Thanks CB. I understood your motive. The challenges are getting a little much, aren't they?


----------



## rebel66 (Mar 6, 2012)

Thanks Rayah, I am aware of the VIP site and contracts. I have owned show quality borzois with full breeding rights. I agree, there are different motives for breeding as well, ie., to make a buck as opposed to furthering the breed. I never bred my Borzois because my male was not up to snuff in my opinion. 

I'm still slightly confused as to why it is okay for some to advertise on Kijiji as long as they say all that stuff and then other people will issue a blanket statement saying "no good breeder would do such a thing".

http://www.poodleforum.com/16-poodle-breeder-directory/19078-found-cute-puppy-but.html#post234746

It was _such_ an issue when I asked about pups advertised there before. Btw., I did check the original ad out, got full pedigrees of each parent, a copy of the contract, etc, etc., in case I did decide to buy. I eventually did not buy as the timing was not right for us. 

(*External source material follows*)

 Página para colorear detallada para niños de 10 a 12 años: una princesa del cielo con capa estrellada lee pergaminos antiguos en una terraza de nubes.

Eventually, I do want to get a sweet little girl, preferably silver, cream, apricot, or a parti but most of all healthy with good temperment! I don't want to get stuck with a lemon but on a disability pension, I can't buy top notch show quality. Nor should I. Those pups should go to homes where they will be allowed to reach their maximum potential. 

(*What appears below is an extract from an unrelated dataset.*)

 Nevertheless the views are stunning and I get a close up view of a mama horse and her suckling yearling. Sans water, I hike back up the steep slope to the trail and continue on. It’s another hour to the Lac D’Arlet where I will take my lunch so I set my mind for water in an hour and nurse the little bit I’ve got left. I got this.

There are no poodles in our shelter. I can see there being a lot of "doodles" there in the next few years but that's another issue :ahhhhh: 

Have a good one,

Chris


----------



## Indiana (Sep 11, 2011)

Personally I don't think it makes a difference where breeders advertise, as it's not the ads that matter, it's screening the prospective owners and ensuring the puppies go to good homes that is crucial. Kijiji is free and accessible to millions of people, so why not. I often do a search for standard poodles just 'cuz I love looking at the photos of poodles  Advertising in exclusive poodle publications doesn't mean the breeder is any more careful about puppy placement or anything else. Likewise when prospective buyers are looking for a puppy, the same careful research should apply to any breeder even if they have expensive glossy ads, before we choose a puppy.


----------



## Pluto (Jul 8, 2012)

Rebel/Chris, what is your game? Why do you keep linking back to one post, from one poster, with one opinion and ignoring all of the discussion and supporting information from others? 

Blanket statements are rarely 100% accurate, but "generally" on track. I generally agree with Charasmaticmillie that good breeders don't need to advertise on kijii or craigslist. Your previously posted ad was not from a good breeder. 6 months later you were able to find a responsible breeders ad. So I guess that means that some good breeders do post on kijii, doesn't really make your original "bad" breeder any better or negate all the good advice you have gotten so far. 

But I'm betting you know that, and considering how understanding the veteran posters have been, I will avoid taking the bait and bow out (never really did much enjoy banging my head against the wall anyway).


----------



## MaryLynn (Sep 8, 2012)

rebel66 said:


> Hi,
> 
> I saw a litter of pups on Kijiji BROWN and BLACK STANDARD POODLE PUPPIES AVAILABLE - Mississauga / Peel Region Dogs & Puppies For Sale - Kijiji Mississauga / Peel Region Canada. from someone who claims to be a reputable breeder, but I was told on this forum 6 months ago, that no reputable breeder advertises on Kijiji. ( http://www.poodleforum.com/16-poodle-breeder-directory/19078-found-cute-puppy-but.html#post234720 )
> 
> ...



I don't know if that's true, Magisterial's Kennels uses kijiji as a type of free marketing tool to redirect people to their facebook and website. You still have to go through all their regular hoops to adopt a puppy. 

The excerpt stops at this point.